TASK: Pictures are to be left out, and only the lines below starting at the one with "Samba is our" and ending at the one with "我个人最喜欢的是三视图,因为" are to be reproduced, each exactly, both ends included.

INPUT:
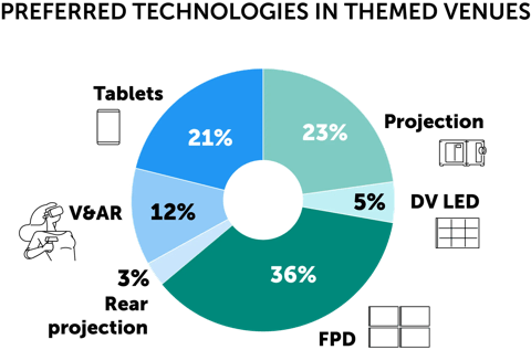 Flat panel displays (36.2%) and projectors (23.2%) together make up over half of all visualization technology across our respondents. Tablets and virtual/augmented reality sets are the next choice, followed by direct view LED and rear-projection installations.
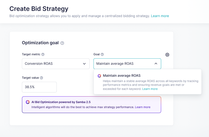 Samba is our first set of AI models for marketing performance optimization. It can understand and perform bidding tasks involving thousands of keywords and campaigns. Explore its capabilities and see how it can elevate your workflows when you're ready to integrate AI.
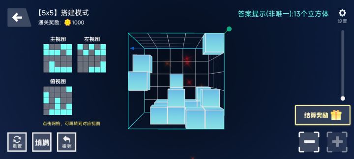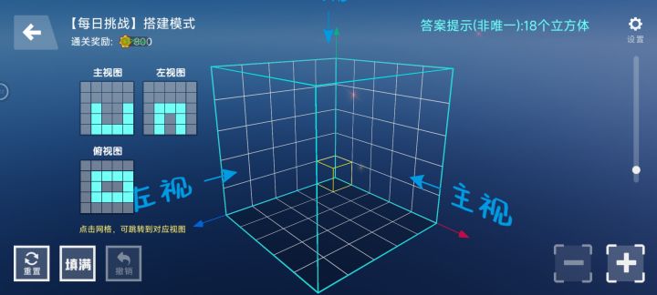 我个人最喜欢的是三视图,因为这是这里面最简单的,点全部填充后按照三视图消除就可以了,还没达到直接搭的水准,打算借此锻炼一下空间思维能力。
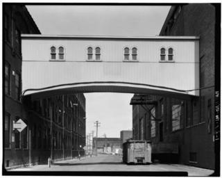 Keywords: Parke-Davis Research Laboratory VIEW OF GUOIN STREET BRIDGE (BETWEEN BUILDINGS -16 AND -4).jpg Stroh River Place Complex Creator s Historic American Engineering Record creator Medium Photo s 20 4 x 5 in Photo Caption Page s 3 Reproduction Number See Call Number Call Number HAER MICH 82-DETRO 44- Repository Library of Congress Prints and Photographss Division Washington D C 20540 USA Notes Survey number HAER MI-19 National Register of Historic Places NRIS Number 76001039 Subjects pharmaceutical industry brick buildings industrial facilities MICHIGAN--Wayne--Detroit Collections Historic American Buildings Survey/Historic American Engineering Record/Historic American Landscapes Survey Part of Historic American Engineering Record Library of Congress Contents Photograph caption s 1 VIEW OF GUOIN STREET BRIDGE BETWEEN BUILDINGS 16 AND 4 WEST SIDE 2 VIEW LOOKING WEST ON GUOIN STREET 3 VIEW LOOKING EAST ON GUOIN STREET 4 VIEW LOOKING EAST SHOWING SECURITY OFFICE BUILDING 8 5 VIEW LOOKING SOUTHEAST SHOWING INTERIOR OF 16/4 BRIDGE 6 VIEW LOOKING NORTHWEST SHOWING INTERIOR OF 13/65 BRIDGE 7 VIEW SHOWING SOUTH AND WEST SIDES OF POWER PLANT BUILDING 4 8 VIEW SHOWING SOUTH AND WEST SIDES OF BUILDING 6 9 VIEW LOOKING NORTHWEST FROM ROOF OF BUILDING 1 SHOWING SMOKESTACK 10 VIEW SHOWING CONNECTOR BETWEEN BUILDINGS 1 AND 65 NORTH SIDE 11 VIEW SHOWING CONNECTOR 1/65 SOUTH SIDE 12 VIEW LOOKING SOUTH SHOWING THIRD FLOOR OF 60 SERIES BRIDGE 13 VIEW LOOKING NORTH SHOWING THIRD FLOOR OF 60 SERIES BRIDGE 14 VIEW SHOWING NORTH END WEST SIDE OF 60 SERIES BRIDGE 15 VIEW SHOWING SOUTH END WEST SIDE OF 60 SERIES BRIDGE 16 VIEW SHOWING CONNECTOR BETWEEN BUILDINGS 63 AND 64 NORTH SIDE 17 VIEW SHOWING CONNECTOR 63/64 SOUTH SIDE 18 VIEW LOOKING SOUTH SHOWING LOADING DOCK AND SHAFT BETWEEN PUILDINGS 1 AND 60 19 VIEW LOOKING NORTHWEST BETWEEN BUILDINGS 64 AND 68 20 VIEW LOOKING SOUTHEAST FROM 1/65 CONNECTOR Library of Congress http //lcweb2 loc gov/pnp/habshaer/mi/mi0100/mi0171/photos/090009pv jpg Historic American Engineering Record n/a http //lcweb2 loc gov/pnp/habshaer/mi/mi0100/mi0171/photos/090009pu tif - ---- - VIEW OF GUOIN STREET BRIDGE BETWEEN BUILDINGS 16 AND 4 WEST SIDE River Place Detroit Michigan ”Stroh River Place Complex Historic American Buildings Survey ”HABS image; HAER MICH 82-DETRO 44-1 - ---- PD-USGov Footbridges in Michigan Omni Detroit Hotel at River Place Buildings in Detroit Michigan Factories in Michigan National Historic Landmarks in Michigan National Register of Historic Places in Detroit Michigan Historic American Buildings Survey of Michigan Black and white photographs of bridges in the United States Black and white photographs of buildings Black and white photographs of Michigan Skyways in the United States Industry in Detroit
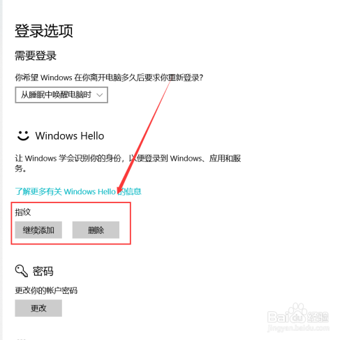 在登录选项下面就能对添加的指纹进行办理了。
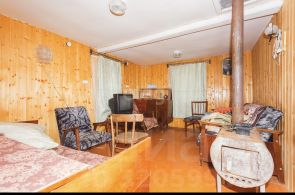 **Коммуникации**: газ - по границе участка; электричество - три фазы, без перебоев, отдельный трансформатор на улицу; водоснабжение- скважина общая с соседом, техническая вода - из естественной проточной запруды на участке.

* * *

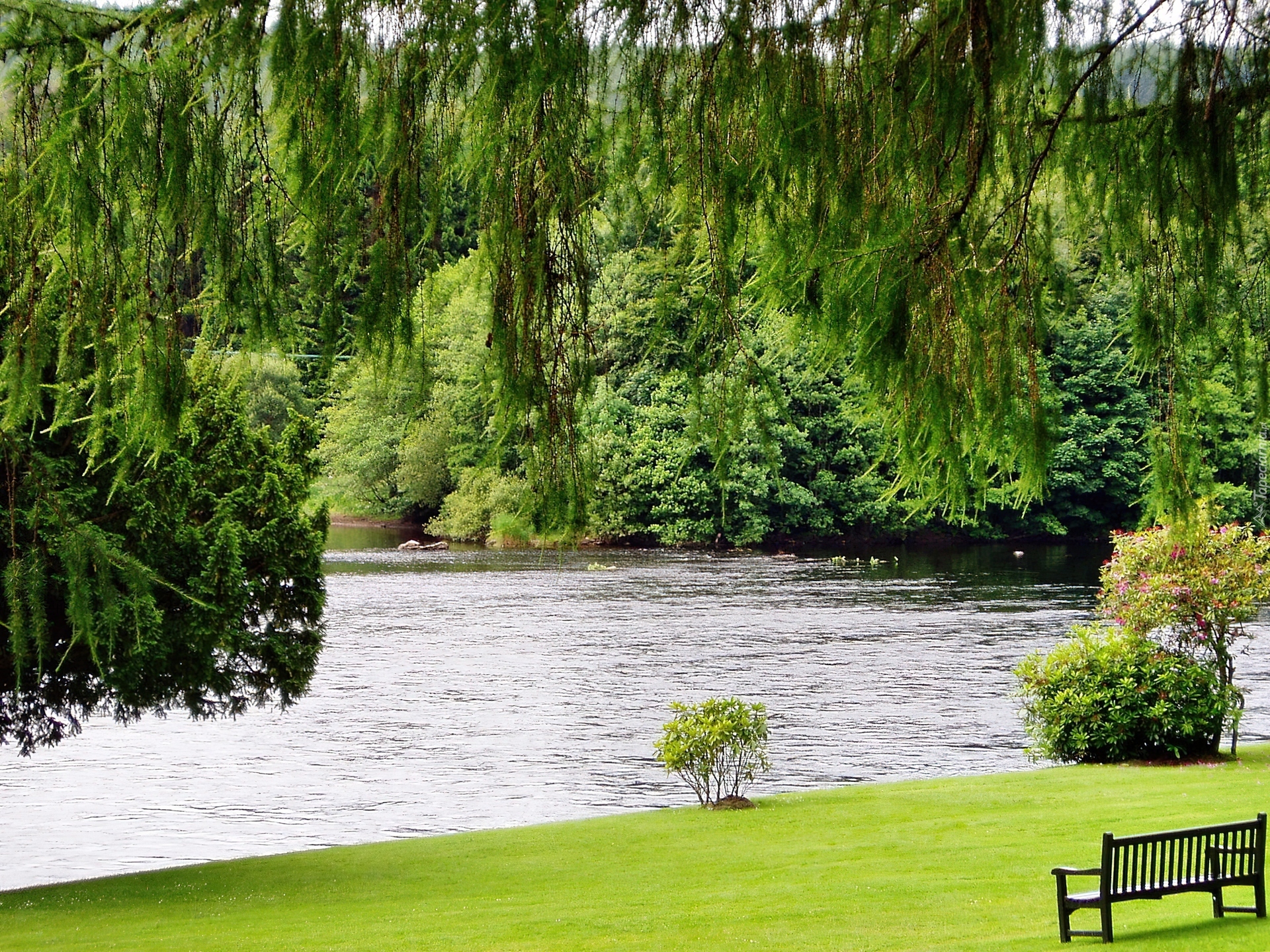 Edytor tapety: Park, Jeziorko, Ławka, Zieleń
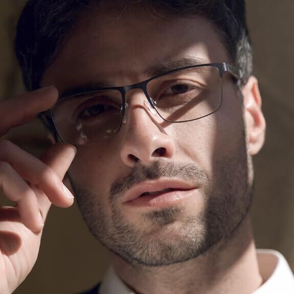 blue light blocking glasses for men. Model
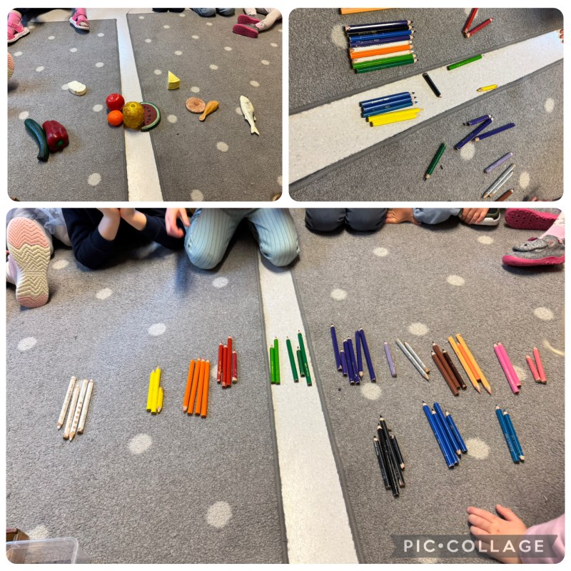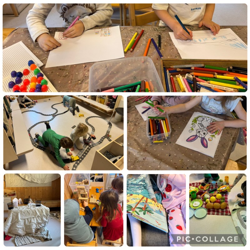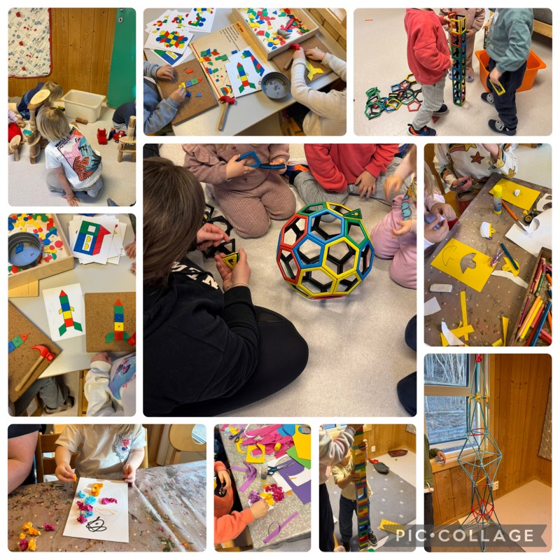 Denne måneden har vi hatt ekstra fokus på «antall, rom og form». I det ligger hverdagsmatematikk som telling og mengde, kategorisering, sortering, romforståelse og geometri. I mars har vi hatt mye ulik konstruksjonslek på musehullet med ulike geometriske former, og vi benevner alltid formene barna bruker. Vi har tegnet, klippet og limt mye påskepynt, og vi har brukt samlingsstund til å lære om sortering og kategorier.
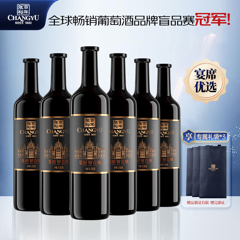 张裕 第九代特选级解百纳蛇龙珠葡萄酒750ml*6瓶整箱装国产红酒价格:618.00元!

PROBLEM SOLUTION:
 Samba is our first set of AI models for marketing performance optimization. It can understand and perform bidding tasks involving thousands of keywords and campaigns. Explore its capabilities and see how it can elevate your workflows when you're ready to integrate AI.
 我个人最喜欢的是三视图,因为这是这里面最简单的,点全部填充后按照三视图消除就可以了,还没达到直接搭的水准,打算借此锻炼一下空间思维能力。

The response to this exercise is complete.